I don't see this as a terribly useful example since you don't explain
why we need to keep filenames in case-insensitive alphabetical order at
all. If we want to print a list of filenames we can sort them once when
printing them, why do we need to keep them 'always sorted'?
To be able to iterate over a collection of data items in various
predetermined orders, we could maintain two or more sorteddicts:

itemsByDate = collections.sorteddict.sorteddict()
itemsByName = collections.sorteddict.sorteddict()
itemsBySize = collections.sorteddict.sorteddict()
for item in listOfItems:
itemsByDate["%s\t%17X" % (item.date, id(item))] = item
itemsByName["%s\t%17X" % (item.name, id(item))] = item
itemsBySize["%s\t%17X" % (item.size, id(item))] = item

I think perl might make you use strings as keys, fortunately Python
doesn't. What I really don't like about this is that you've copied the
date, so if you mutate item.date the itemsByDate are no longer sorted.

Again it sounds like sorting for printing will be less overhead that
keeping them always sorted. You need to come up with examples where
there is an actual benefit to not sorting for output.
Here we have used the item IDs to ensure key uniqueness.

If you are going to do this then it really does need to be:

itemsByDate = sorteddict(items, key=lambda self, k: self[k].date)

so that you can maintain sorted order when mutating an item. How the
dictionary knows that its contents have been mutated is another question
entirely.
Now we can iterate in date or name order, for example:

for item in itemsByDate:
print item.name, item.date

Which we can do just as well with an ordinary dictionary:

for item in sorted(items, key=byDate):
...

given an appropriate definition of byDate.

The cases I can think of where a sorteddict might be useful would be
things like collecting web server statistics and maintaining a regularly
updated display of the top n pages. You need a combination of factors
for this to be useful: frequent updates, and frequent extraction of
sorted elements + the requirement to access elements as a dictionary.

Also, none of your use cases target any of the additional fripperies you
threw into your proposal.
 
J

Jeremy Sanders

Mark said:
If there is positive feedback I will submit the PEP to the reviewers,
so if you think it is a good idea please say so. (I'm sure that if you
_don't_ like it you'll tell me anyway:)

It would be nice to have the ability to use numerical indexes and the key,
but I don't think they should share the same methods.

A useful use case would be to make a LRU (least recently used) dictionary,
where the keys are time-based (e.g. an incrementing counter). You should be
able to identify the least recently used object for discarding by just
accessing the last item in the dictionary.

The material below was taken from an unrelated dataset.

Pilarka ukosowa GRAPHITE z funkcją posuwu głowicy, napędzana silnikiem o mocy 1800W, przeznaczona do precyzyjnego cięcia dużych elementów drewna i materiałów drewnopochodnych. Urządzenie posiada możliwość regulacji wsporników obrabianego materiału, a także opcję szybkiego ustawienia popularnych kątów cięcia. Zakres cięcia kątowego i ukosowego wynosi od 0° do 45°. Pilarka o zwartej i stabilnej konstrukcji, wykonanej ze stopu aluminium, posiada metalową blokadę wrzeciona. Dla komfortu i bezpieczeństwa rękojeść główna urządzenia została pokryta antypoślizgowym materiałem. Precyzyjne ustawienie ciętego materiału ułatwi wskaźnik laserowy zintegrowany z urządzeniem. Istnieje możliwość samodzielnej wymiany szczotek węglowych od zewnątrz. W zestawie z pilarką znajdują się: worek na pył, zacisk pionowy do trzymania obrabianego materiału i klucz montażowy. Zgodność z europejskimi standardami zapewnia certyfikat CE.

By the way, I think a LRU cache dictionary would be a great addition to the
standard library.

Is there any speed advantage from implementing the sorteddict as a red-black
tree or something similar in C?

Jeremy
 
P

Paul Hankin

Recall sorted...
sorted(iterable, cmp=None, key=None, reverse=False) --> new sorted
list

So why not construct sorteddicts using the same idea of sortedness?

sorteddict((mapping | sequence | nothing), cmp=None, key=None,
reverse=None)

Then we can specify the exact behaviour of sorteddicts: it's the same
as a regular dict, except when the order of keys is important they're
ordered as if they were sorted by sorted(keys, cmp=sd._cmp,
key=sd._key, reverse=sd._reverse). Here I imagine cmp, key and reverse
are stored in the new sorteddict as attributes _cmp, _key, _reverse -
obviously the actual implementation may differ.

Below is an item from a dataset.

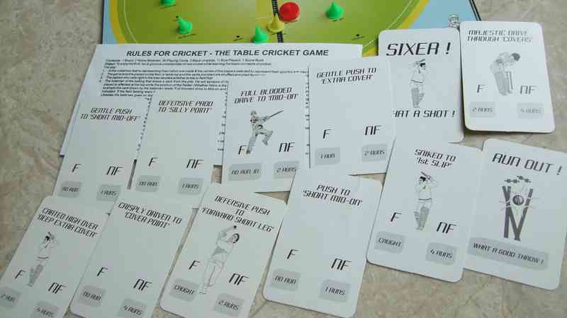 The Table Cricket Game is played (as noted in the rules) "...as per the rules of real one-day limited over cricket." The batsman draws cards from a deck and the fielder places his pawns on the spaces on the board marked by dots, such as "silly point" and "midoff." The batsman then plays his cards one after the other, and tallies his runs. Each card has a type of hit (such as "Full-blooded drive to Mid-on") as well as a F and NF section, showing how many runs would be scored if the fielder has placed a pawn there (F for "fielder") or if there is no fielding pawn there (NF for "no fielder"). Scores are tabulated on the score sheet pads.

This has the benefit of making sorteddict's behaviour explicit and
easy to understand, and doesn't introduce a new sorting API when we
already have a perfectly decent one.

The only problem here is the **kwargs form of the dict constructor
doesn't translate as we're using keyword args to pass in the sort
criterion. Perhaps someone has an idea of how this can be solved. If
nothing else, this constructor could be dropped for sorteddicts, and
sorteddict(dict(**kwargs), cmp=..., key=..., reverse=...) when that
behaviour is wanted.

I don't like the integral indexing idea or the slicing: indexing and
slicing are already part of python and it's bad to have different
syntax for the same concept on sorteddicts. I'd say it's not an
important enough for sorteddicts anyway.
 
M

Mark Summerfield

It would be nice to have the ability to use numerical indexes and the key,
but I don't think they should share the same methods.

They don't; you use [] for key index and key(), value(), or item() for
index access.
A useful use case would be to make a LRU (least recently used) dictionary,
where the keys are time-based (e.g. an incrementing counter). You should be
able to identify the least recently used object for discarding by just
accessing the last item in the dictionary.

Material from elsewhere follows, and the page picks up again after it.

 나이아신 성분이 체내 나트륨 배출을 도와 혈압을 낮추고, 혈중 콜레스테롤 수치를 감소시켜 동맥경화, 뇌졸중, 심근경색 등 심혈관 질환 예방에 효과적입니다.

You could do that with a sorteddict simply by using datetime.date
objects or timestamp strings for keys. You could get the first or last
item (no matter what its key). For example:

d = sorteddict({1200:"lunch", 1100:"elevensies", 1600:"tea",
1900:"dinner"})
d.items()
[(1100, 'elevensies'), (1200, 'lunch'), (1600, 'tea'), (1900,
'dinner')]
d.item(0), d.item(-1)
((1100, 'elevensies'), (1900, 'dinner'))

So you could remove the last item using d.delete(-1).
By the way, I think a LRU cache dictionary would be a great addition to the
standard library.

Is there any speed advantage from implementing the sorteddict as a red-black
tree or something similar in C?

I'm sure that a C-based implementation using red-black or AVL trees or
skiplists would be faster, but right now I'm just trying to get an
acceptable API.

Corrections to my original PEP:

value(index : int) -> value # I incorrectly had the return value as
key

Also, now in the second example I use a tuple of string, int ID rather
than strings.
 
M

Mark Summerfield

Recall sorted...
sorted(iterable, cmp=None, key=None, reverse=False) --> new sorted
list

So why not construct sorteddicts using the same idea of sortedness?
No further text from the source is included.